In summary, this work proposes a general framework for addressing noisy supervision signals in confidence difference classification. The proposed method is not limited to binary classification tasks and also demonstrates practical applicability in real-world scenarios.

审稿人评论

2025-04-06

Thanks for authors' detailed comments, I will maintain my evaluation as leaning towards acceptance.

最终决定Accept (poster)

2025-05-01

Three reviewers support acceptance, highlighting the work's novelty, theoretical rigor, and empirical validation. However, Reviewer joRe, who evaluated this paper at ICLR 2025, notes that the current submission does not incorporate updates beyond the ICLR'25 final version (which already addressed their concerns during ICLR'25 rebuttal).
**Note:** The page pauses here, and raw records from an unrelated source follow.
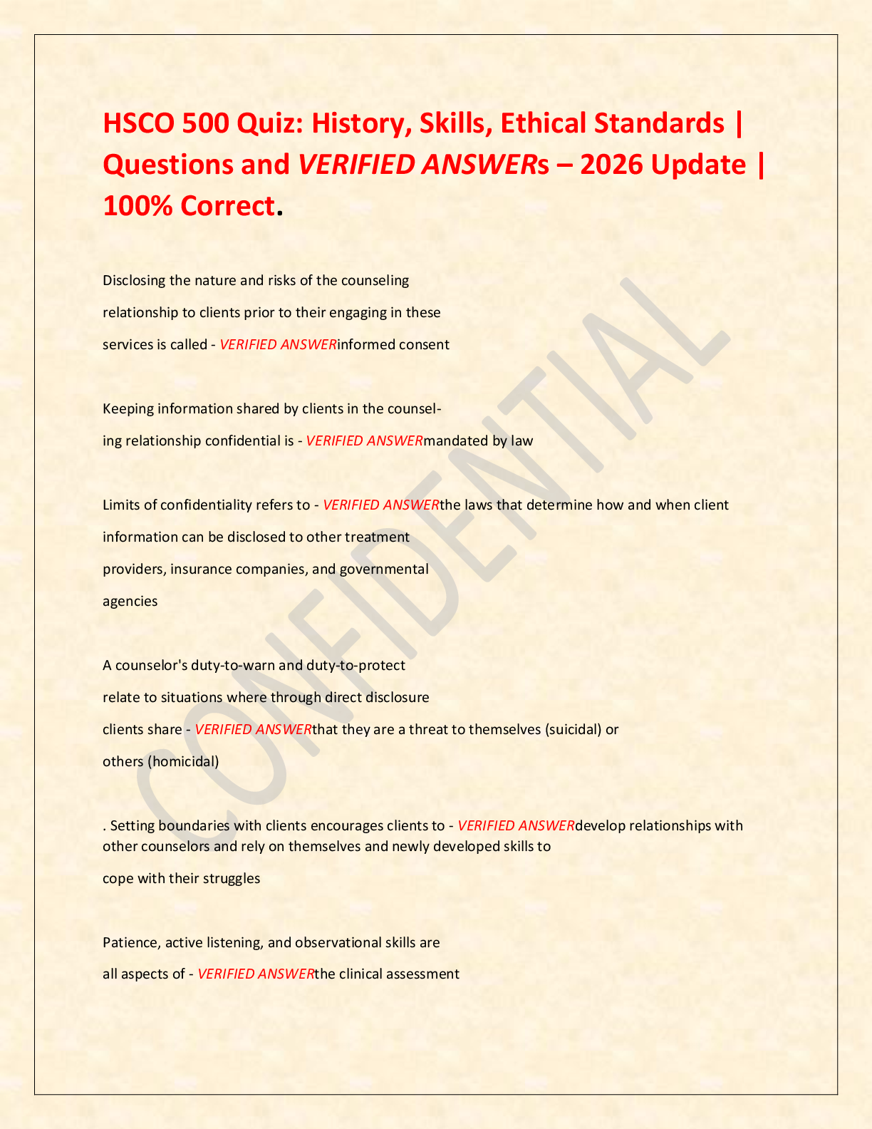 *NURSING > EXAM > HSCO 500 Quiz: History, Skills, Ethical Standards | Questions and VERIFIED ANSWERs – 2026 Update | 100% Correct.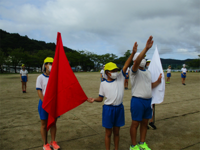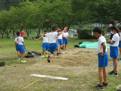 100M・走り幅跳び・ボール投げの記録を測定します。また、体育館では、5・6年生が走り高跳びの練習を始めていました。(希望者のみ)今年度は、コロナ禍の中の開催となるため、制約もあります。まずは、自分の記録更新を目指しましょう。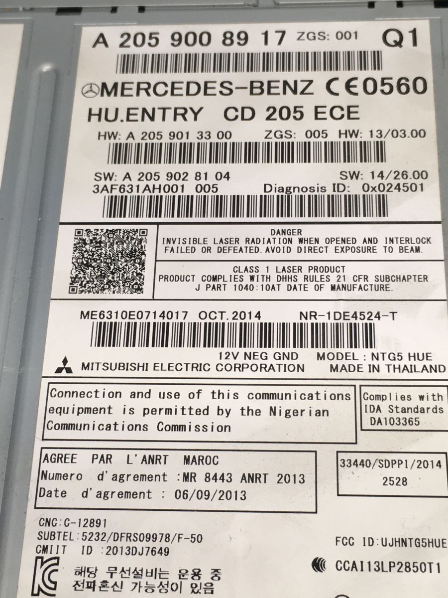 Unitate Multimedia Mercedes C-Class W205/S205 Break 2.2 Motorina 2015, A2059008917

So, I recommended Reject in the previous stage.

After discussion with the SAC, I have compared the current submission with its ICLR'25 versions (both initial and revised version after ICLR'25 rebuttal). The authors did address most of the concerns during the ICLR'25 rebuttal, as the current manuscript differs significantly from the ICLR'25 initial version, with substantive revisions made during the rebuttal process. Therefore, I now lean toward Weak Accept, as the core criticisms were previously mitigated.